At this point all the five elements have dissolved and you will not be able to move any part of your body. First the external air or breath will be extinguished. Then you will see a small white bindu, the Bodhicitta, appearing at your forehead and descending slowly; this is the male Bodhicitta, the symbol of skillful means. When the white bindu descends, you will see all phenomena turning white. At that moment, all the thirty-three different kinds of anger will be extinguished in a flash, and even if you have had great anger, for example the anger you may have felt toward someone who killed your father, it will be completely extinguished. At the same time you will experience the Wisdom of Joy, which is the very essence of the Nirmanakaya. The impure body upon transcendent purification becomes the Nirmanakaya, in Tibetan Trul Ku. This is the divine body of incarnation and the body of the spiritual state in which abide all great teachers and all Bodhisattvas' incarnations on earth. The Nirmanakaya represents the Wisdom of Joy which is beyond dualistic grasping. If you can experience and recognize this joy and wisdom, you will gain enlightenment and attain the state of Dorje Sempa, the essence of the body of all the Buddhas. Then you will not be lost in the Bardo.

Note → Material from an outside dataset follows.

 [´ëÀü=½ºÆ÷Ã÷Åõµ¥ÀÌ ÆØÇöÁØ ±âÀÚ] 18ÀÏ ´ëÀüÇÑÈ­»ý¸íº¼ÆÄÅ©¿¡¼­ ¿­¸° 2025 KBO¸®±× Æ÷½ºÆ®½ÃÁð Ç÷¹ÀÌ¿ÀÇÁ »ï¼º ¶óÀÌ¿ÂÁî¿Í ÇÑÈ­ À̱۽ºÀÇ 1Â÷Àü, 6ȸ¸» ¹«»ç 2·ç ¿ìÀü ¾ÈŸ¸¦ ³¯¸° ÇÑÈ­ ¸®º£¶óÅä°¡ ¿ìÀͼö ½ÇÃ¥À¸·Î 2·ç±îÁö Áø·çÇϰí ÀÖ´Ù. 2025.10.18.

After this you will see a red bindu rising slowly from your navel. This is the female Bodhicitta, the symbol of wisdom. When the red bindu rises, you will see all phenomena around you turning red. During that time, all of the forty types of desire will be extinguished and even if you see the most attractive god or goddess, you will have no desire. At that moment you will experience the Wisdom of Supreme Joy, which is the esence of the Sambhogakaya. The impure speech upon transcendent purification becomes the Sambhogakaya, in Tibetan Lon Ku. It is the divine body of perfect endowment and symbolizes the state of spiritual communion in which all Bodhisattvas exist, transcending the ordinary realm. The Sambhogakaya represents the Supreme Joy, which is a deeper and more profound and permanent joy. If you can realize this extraordinary joy and wisdom, you can attain the state of Amitabha, the essence of the speech of all the Buddhas, and you will not be lost in the Bardo.

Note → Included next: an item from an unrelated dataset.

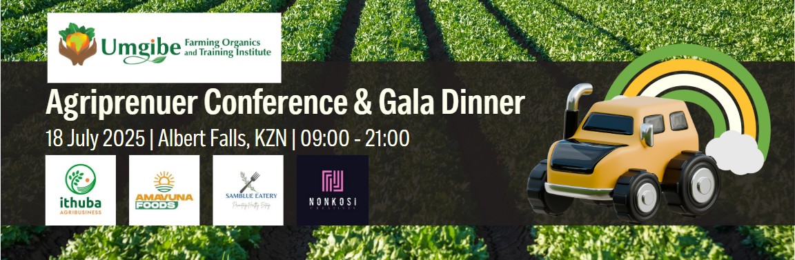 Umgibe Farming Organics and Training Institute, in collaboration with Ithuba Agribusiness, Amavuna Foods, Samblue Eatery, and Nonkosi Creatives, proudly invites you to the Agripreneur Conference & Gala Dinner — a flagship celebration of innovation, sustainability, and excellence in the agriculture sector.

If you are not successful in meditating and attaining enlightenment in this stage, you will see the red and white bindus approaching one another and eventually meeting at your heart chakra. As they meet you will experience an opaque darkness, as on the night of the new moonvery darkand the seven kinds of ignorance and delusion will cease. At that moment you will have the supreme experience of Wisdom Beyond Joyfulness and immediately you can transform yourself into the mind of all the Buddhas, which is Vairocana. The dualistic mind upon transcendent purification becomes the Dharmakaya, in Tibetan Chö Ku. It is the fundamental truth in which all dualities merge into transcendent oneness and is beyond sensual perception. The Dharmakaya is Wisdom Beyond Joyfulness. It is beyond conceptualization, more profound and indestructable. At that moment, one does not have to make an effort to meditate; it comes spontaneously and naturally. If you are unable to realize the essence of the mind of all the Buddhas (Vairocana), then you fail back into Samsara. However, if you are able to have this realization, then you will attain enlightenment and have no need to wander further in the Bardo.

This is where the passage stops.